The diversity of plant pathogen effector sequences, our collective uncertainty about the relationships between function and sequence for these proteins, and the inherent difficulty of effective classification mean that their prediction is an ongoing area of research, decades after their identification.
We take as our example a paper from 2009 (Arnold et al.) that describes a software tool to identify bacterial type III secretion system (T3SS) effector proteins (EffectiveT3). In that paper, the authors use their tool to screen 739 completely sequenced bacterial genomes, finding a large number of type III secretion system effectors in all bacteria analysed - including those that do not possess a functional Type III Secretion System. The presence of effectors in these organisms would seem, on the face of it, to be implausible.
What is striking is the number of predicted effector proteins, and the proportion of the total proteome that they describe. Happily, in a success for open science and supplementary material, the paper includes a complete account of their predictions. As two examples:
An isolate with T3SS
An isolate with no T3SS
Something is clearly awry. Despite having wildly disparate CDS counts, both organisms are predicted to have around 200 T3SS effectors, despite one of the organisms having no mechanism to secrete them. The authors note:
The surprisingly high number of (false) positives in genomes without TTSS exceeds the expected false positive rate [...] and thus raised questions about their nature.
and propose:
The missing clear difference between Gram-negatives with and without TTSS may be explained by the noise caused by misannotations which seem to be present in all selected genomes (data not shown). Additionally, putative Type III effectors may not be a unique feature of species encoding a TTSS but could be ubiquitous in a broad range of phylogenetically diverse microbes.

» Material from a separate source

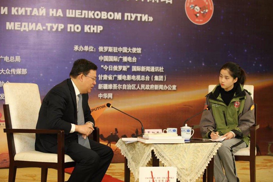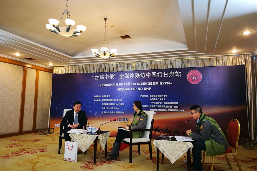 采訪現(xiàn)場(chǎng) 央廣網(wǎng)蘭州10月21日消息(記者張兆福 甘肅站王妍)甘肅省副省長(zhǎng)夏紅民20日上午接受中俄主流媒體的專訪,夏紅民就甘肅省“打造絲綢之路經(jīng)濟(jì)帶黃金段”的戰(zhàn)略構(gòu)想、蘭州新區(qū)的建設(shè)情況、“蘭州號(hào)”中亞國(guó)際貨運(yùn)班列的的運(yùn)營(yíng)情況向記者介紹。 夏紅民介紹,甘肅是絲綢之路的重要通道,絲綢之路西行至甘肅敦煌分為南北兩線!耙粠б宦贰睉(zhàn)略構(gòu)想的提出,讓甘肅從一個(gè)偏遠(yuǎn)和內(nèi)陸省份一躍成為向西開放的前沿陣地和重要門戶。為實(shí)現(xiàn)真正意義的絲路黃金段,甘肅從經(jīng)濟(jì)和文化兩點(diǎn)出發(fā),著力打造以蘭州新區(qū)為重點(diǎn)的經(jīng)濟(jì)平臺(tái)、以絲綢之路國(guó)際文化博覽會(huì)和華夏文明傳承創(chuàng)新區(qū)為重點(diǎn)的文化交流合作平臺(tái),以及以中國(guó)蘭州投資貿(mào)易洽談會(huì)為重點(diǎn)的經(jīng)貿(mào)合作平臺(tái)。 面對(duì)記者們關(guān)心的蘭州新區(qū)建設(shè)問題,夏紅民說,與其他新區(qū)不同,蘭州新區(qū)建設(shè)之初并沒有工業(yè)基礎(chǔ),屬于“白手起家”。為彌補(bǔ)產(chǎn)業(yè)發(fā)展不足的缺陷,蘭州新區(qū)將加強(qiáng)供給側(cè)結(jié)構(gòu)性改革,立足提高經(jīng)濟(jì)發(fā)展的質(zhì)量和效益。同時(shí)引入更多的教育、醫(yī)療等資源,為蘭州新區(qū)的進(jìn)一步發(fā)展提供更多的人才保障。 “隨著絲綢之路經(jīng)濟(jì)帶建設(shè)的深入,越累越多國(guó)家和地區(qū)參與到建設(shè)行列中來,之間是否存在競(jìng)爭(zhēng)關(guān)系呢?”來自“今日俄羅斯”國(guó)際新聞通訊社的卡普拉諾娃·尤利婭在采訪中帶有這樣的疑問。針對(duì)俄方記者的疑問,夏紅民表示,古代絲綢之路的歷史證明,開放合作能夠使得國(guó)家之間優(yōu)勢(shì)互補(bǔ)、資源共享,是一個(gè)互惠互利的過程。現(xiàn)階段“絲綢之路經(jīng)濟(jì)帶”的建設(shè)也是要秉持和平合作、開放包容、互學(xué)互鑒、互利共贏的核心理念。

There is, however, an alternative, simple statistical explanation for these observations that explains their results precisely: The Baserate Fallacy.
Imagine that you work at an airport, in security, and have a test for smugglers. This test of yours is able to identify smugglers quite well:
This means that your test has two important performance metrics:
You may be quite confident about the ability of your method to classify smugglers correctly. But what happens when it's put in place at an airport.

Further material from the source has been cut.